Я получил твое письмо. Знаеш  мне больше всего нравятся книги про войну. Особено про то когда сражаются дети. Мне мама принесла из библиотеки очень интиресную книгу. Отряд Трубачева сражается. Ты не читал? Как жалко что война уже кончилась. Я очень мечтаю защищать нашу страну. Кем ты хочешь быть, когда вырастишь? Раньше я хотел быть учителем физкультуры но теперь твердо решил что кагда паправлюсь и смогу ходить начну тренироватся и стану летчиком.
Жду атвета как саловей лета.
Слава»

Гугули Анзорович смотрел прямо перед собой.
Солдаты месили мокрые грязные листья, передвигаясь по перелеску; раздавались хлюпающие звуки; редкие огненные всполохи освещали вечернее небо…  
Несколько раз Гугули Анзорович наклонялся, начинал писать, потом зачеркивал, снова думал, смотря прямо перед собой и шевеля губами, рвал написанное. Снова думал. Наконец, решительно взял новый листок и написал:
«Я тоже хочу стать летчиком».

Гугули Анзорович читал письмо.

«Здраствуй, Гугули!
Мне сегодня подарили котеночка. Чтоб я не очень скучал. Котенок серенький. Зовут Муркой. Кагда вырастит станет пушистой кошкой.  
Уже год как я не могу ходить. Со мной занимаются чтоб я не очень отстал. Приходят учительницы по разным предметам.
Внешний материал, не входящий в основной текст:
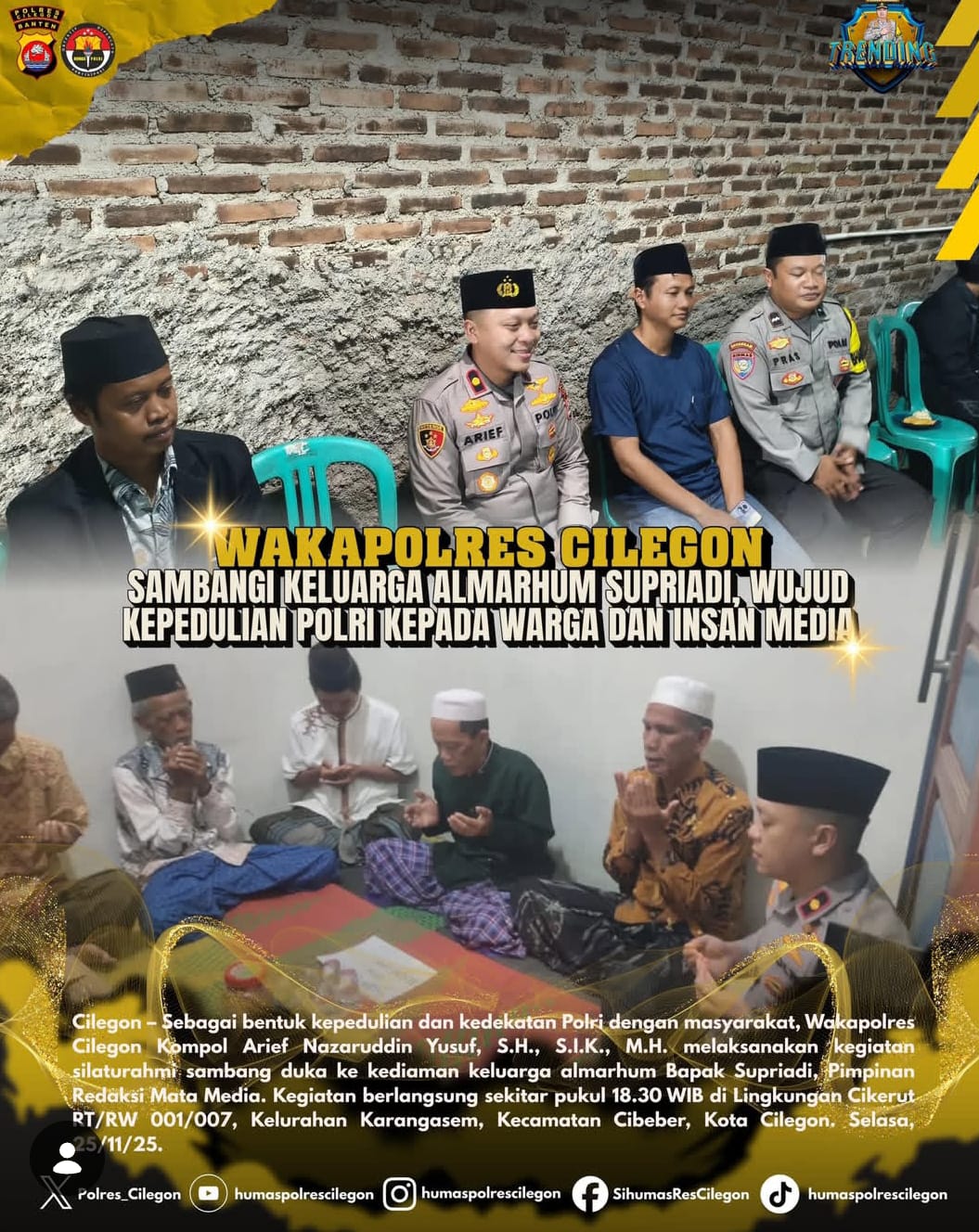 Wakapolres Cilegon,menyambangi rumah duka Bapak Supriadi, pimpinan Mata Media, yang terletak di Cilegon, pada hari ini. Kunjungan ini merupakan bentuk kepedulian dan empati Polres Cilegon kepada masyarakat, khususnya kepada keluarga yang ditinggalkan.

Кагда я снова смогу ходить мама обещала поехать со мной к морю. Я посматрел по атласу. Тбилиси очень близко от моря.
До свиданя
Слава»

Гугули Анзорович смотрел прямо перед собой.
На перилах деревенского грузинского дома на столбиках растянулась изнывающая от жары рыжая кошка. На нитках вдоль всего балкона висели лук, чурчхелы, порезанные ломтиками  яблоки  и груши. Ярко-красный петух ковырялся в опилках и сзывал кур к трапезе.

Гугули Анзорович писал.

«У меня тоже есть кошка. Ее зовут Мзия. Потому что она совсем рыжая и похожа на солнышко. А на грузинском языке это слово - Мзэ. Хочешь, я буду учить тебя грузинскому языку? Когда ты приедешь в Тбилиси, уже будешь знать какие-то грузинские слова. У нас слова очень точно отражают смысл слов. Звуками. Например, слово «пушка» по-русски звучит слишком мягко. А по-грузински – грозно, звучно: «зарбазани». Или есть фраза на грузинском, которую не могут произнести люди иноязычные. «Лягушка квакает в воде». Там звуки передают и кваканье, и журчание воды. В других языках таких букв и звуков просто нет!..»

Гугули Анзорович задумался. Перечитал написанное. Зачеркнул последние фразы. И начал переписывать письмо. Теперь оно выглядело так:

«У меня тоже есть кошка. Ее зовут Мзия. Потому что она совсем рыжая и похожа на солнышко. А на грузинском языке это слово – Мзэ. Хочешь, я буду учить тебя грузинскому языку? Когда ты приедешь в Тбилиси, уже будешь знать какие-то грузинские слова.
Я жду тебя.
Гугули».

В уже знакомой нам квартире кто-то бренчал на пианино. Под эту бравурную музыку юноши азартно натирали до блеска полы, передвигали горшки с цветами и мыли подоконники. Девушки осторожно снимали со стен картины и фотографии в рамочках и вытирали пыль. На этажерке в углу стояла еще не украшенная небольшая елочка. Во всем ощущалось приближение праздника. Не смолкал смех. Напевали. Сначала не стройно, обрывочно, но постепенно вытесняя бравурную музыку, зазвучала песня «Мхолод шен эртс».
Тетя Тата, склонившись над кухонным столом, укладывала посылку: мандарины, гозинаки, чурчхелы, орешки. Рядом сидел Гугули Анзорович, он складывал в большой конверт марки и спичечные этикетки. Передавал конверт Тате. Она перекладывала сладости бумагой для компрессов. Сверху над всем устраивала конверт с марками.  
Время от времени сверху, как всегда, доносились топот и шарканье множества ног, абажур над столом начинал раскачиваться, и с потолка сыпалась белая пыль: после очередного киносеанса публика покидала зрительный зал.
Студийцы Сеня и Женя входили с посылкой в Центральный Дом связи.
Гугули Анзорович шел по проспекту Руставели. Воздух казался мягким и прозрачным от светлой молодой листвы. Встречные здоровались как-то особенно приветливо.
Гугули Анзорович привычно подходил к  газетному киоску, и, завидев его еще издали, киоскерша начинала улыбаться и доставать отложенные газеты и журналы.
Гугули Анзорович шел по проспекту Руставели.
Гугули Анзорович открывал почтовый ящик. Но писем не было. Для верности Гугули Анзорович даже пошарил рукой внутри ящика. Писем не было.
Гугули Анзорович шел по проспекту Руставели.
Гугули Анзорович сидел за своим письменным столом и механически раскладывал по кармашкам спичечные этикетки и марки.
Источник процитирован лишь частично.